United States District Court, District of Nevada
Jul 23, 2024
2:23-cv-01466-APG-EJY (D. Nev. Jul. 23, 2024)

Opinion

2:23-cv-01466-APG-EJY

07-23-2024

MICHAEL C. STERNBERG, et al., Plaintiffs v. SHELLEY WARNECK, et al., Defendants


ORDER GRANTING CITY OF SOUTH LAKE TAHOE'S MOTION TO DISMISS

[ECF NO. 198]

ANDREW P. GORDON. UNITED STATES DISTRICT JUDGE.

Plaintiff Michael Sternberg sues 75 individuals and entities regarding events arising out of a custody dispute with the mother of his children, defendant Shelley Warneck. In this order, I address the motion to dismiss filed by the City of South Lake Tahoe (CSLT). CSLT moves to dismiss all Sternberg's claims against it, arguing that this court lacks personal jurisdiction over it. It also contends that the first amended complaint (FAC) fails to state a claim against it for various reasons.

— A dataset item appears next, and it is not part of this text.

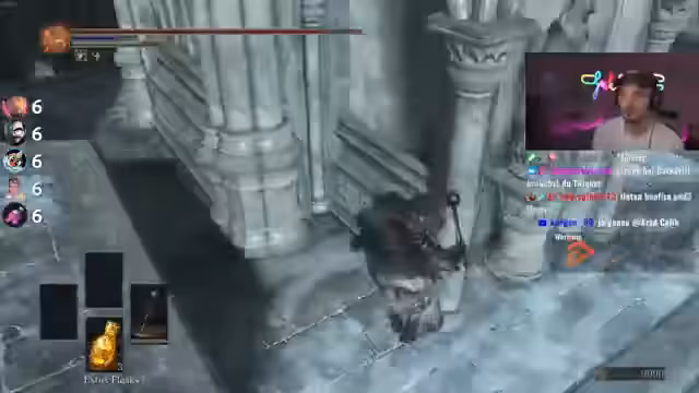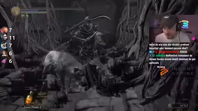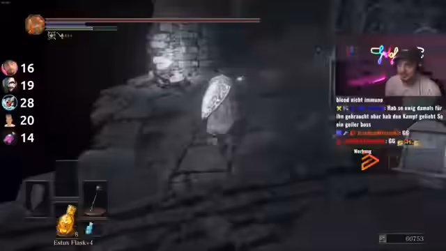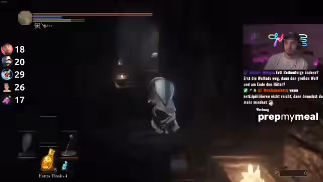 00:17:38Nachdem die technischen Schwierigkeiten überwunden scheinen, beginnt der Streamer mit dem Spiel. Er findet sich in der Anfangsarene wieder und stellt fest, dass die Items und Gegner zufällig generiert wurden, was die Unvorhersehbarkeit des Mod widerspiegelt. Sein erster Kampf gegen die Bossen Smough und Ornstein gestaltet sich jedoch äußerst schwierig. Er zeigt sich frustriert über seine eigenen geringen Kenntnisse im Spiel und den hohen Schaden der Bosse. Trotz des anfänglichen Scheiterns und mehrerer Tode erkennt er die Wichtigkeit der Ausweichmanöver und beginnt langsam, die Angriffsmuster der Bosse zu verstehen. Er diskutiert dabei mit dem Chat über die Taktik und gibt zu, dass er selbst im Souls-Genre noch viele Lernschritte vor sich hat.

Sternberg responds that as a city on the border with Nevada that cooperates with Nevada under various cross-state pacts, CSLT has substantial contacts with Nevada sufficient to subject it to general jurisdiction here. As for specific jurisdiction, he argues that CSLT engaged in a pattern and practice of deliberate indifference to Sternberg and his children's rights. He contends that CSLT provided “safe harbor” to Warneck after Warneck abducted the children from Nevada. ECF No. 226 at 4. He also contends that a fraudulent warrant was “issued out of” CSLT. Id.

The parties are familiar with the FAC's allegations, so I repeat them here only as necessary to resolve the motion to dismiss. I grant the motion to dismiss because this court lacks personal jurisdiction over CSLT.

I. ANALYSIS

“When a defendant moves to dismiss for lack of personal jurisdiction, the plaintiff bears the burden of demonstrating that the court has jurisdiction over the defendant.” Pebble Beach Co. v. Caddy, 453 F.3d 1151, 1154 (9th Cir. 2006). If the motion to dismiss is based on written materials rather than an evidentiary hearing, I must determine whether the plaintiff's “pleadings and affidavits make a prima facie showing of personal jurisdiction.” Schwarzenegger v. Fred Martin Motor Co., 374 F.3d 797, 800 (9th Cir. 2004) (quotation omitted). In deciding whether the plaintiff has met his burden, I must accept as true the complaint's uncontroverted allegations. Id.

“The general rule is that personal jurisdiction over a defendant is proper if it is permitted by a long-arm statute and if the exercise of that jurisdiction does not violate federal due process.” Pebble Beach Co., 453 F.3d at 1154. Nevada's long-arm statute permits the exercise of jurisdiction on any basis consistent with federal due process. Nev. Rev. Stat. § 14.065(1). Due process requires that to exercise personal jurisdiction over a defendant, the defendant must “have certain minimum contacts with the forum state such that the maintenance of the suit does not offend traditional notions of fair play and substantial justice.” Ranza v. Nike, Inc., 793 F.3d 1059, 1068 (9th Cir. 2015) (quotation omitted). Personal jurisdiction over a defendant may be based on general or specific jurisdiction. Id.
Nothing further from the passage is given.